Angelo Constantino

Personal information
- Full name: Angelo Nathaniel Constantino
- Died: January 11, 2019 (aged 48) San Juan, Metro Manila, Philippines

Sport
- Country: Philippines
- Sport: Bowling

Medal record
Representing the Philippines
Men's Bowling
World Youth Bowling Championships
| Gold medal – first place | Venezuela 1992 | Singles |
| Gold medal – first place | Venezuela 1992 | Doubles |
| Silver medal – second place | Venezuela 1992 | All-events |
| Bronze medal – third place | Venezuela 1992 | Masters |
Asian Games
| Silver medal – second place | 1994 Hiroshima | Team of five |

= Angelo Constantino =

Filipino bowler (died 2019)

Angelo Nathaniel Constantino was a Filipino bowler who was a gold medalist at the singles event of the 1992 World Youth Bowling Championships in Venezuela. He also won the gold medal in the doubles event of the same tournament along with Noberito Constantino as well as the silver medal in the all-events and a bronze in the Masters.
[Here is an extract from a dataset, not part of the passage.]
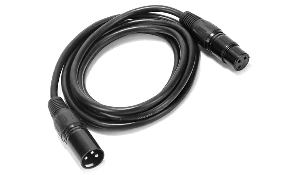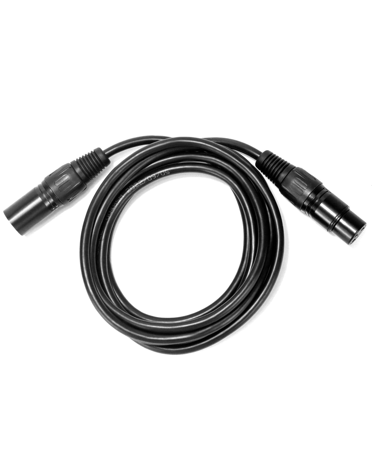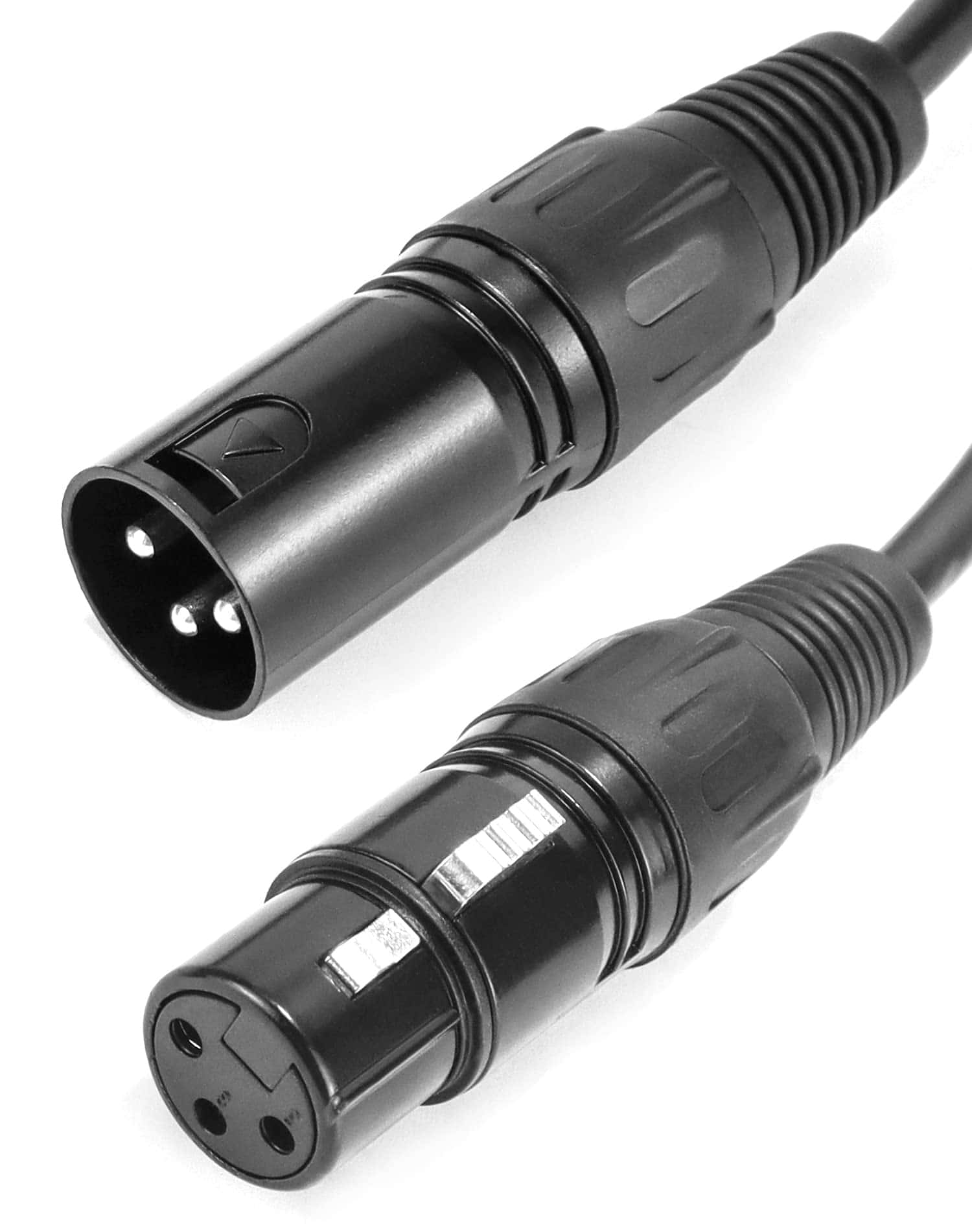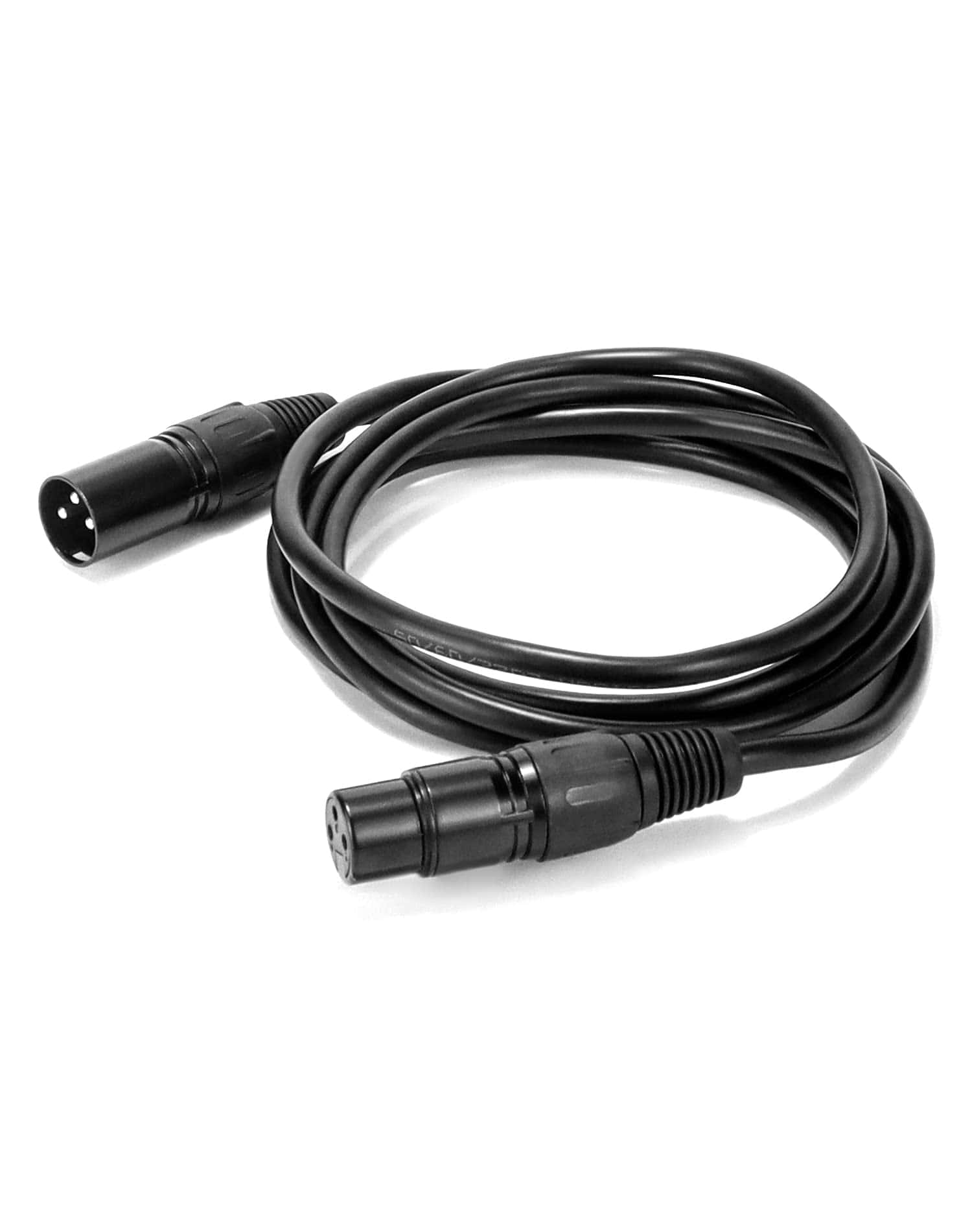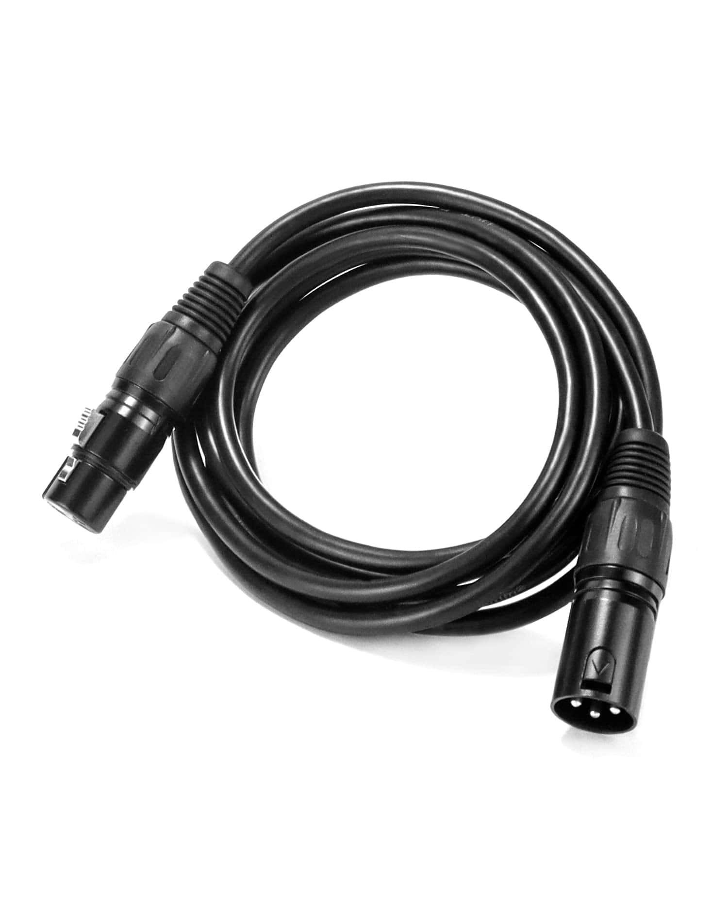 1. Conector Metálico Resistente: Cable de señal DMX de 3 pines XLR, macho a hembra, con un conector metálico resistente para garantizar una conexión firme y facilitar la conexión y desconexión.

He was also part of the silver medal winning team of five at the 1994 Asian Games.

After retiring from competitive bowling, Angelo Constantino dedicated more focus on being a bowling coach and mentored a team based at the E-Lanes Bowling Center in Greenhills, San Juan, Metro Manila.

On January 11, 2019, Constantino was shot multiple times by a man at the E-Lanes Bowling Center and died while he was being rushed to a nearby hospital. Until his death, he worked as a manager at E-Lanes. He was aged 48.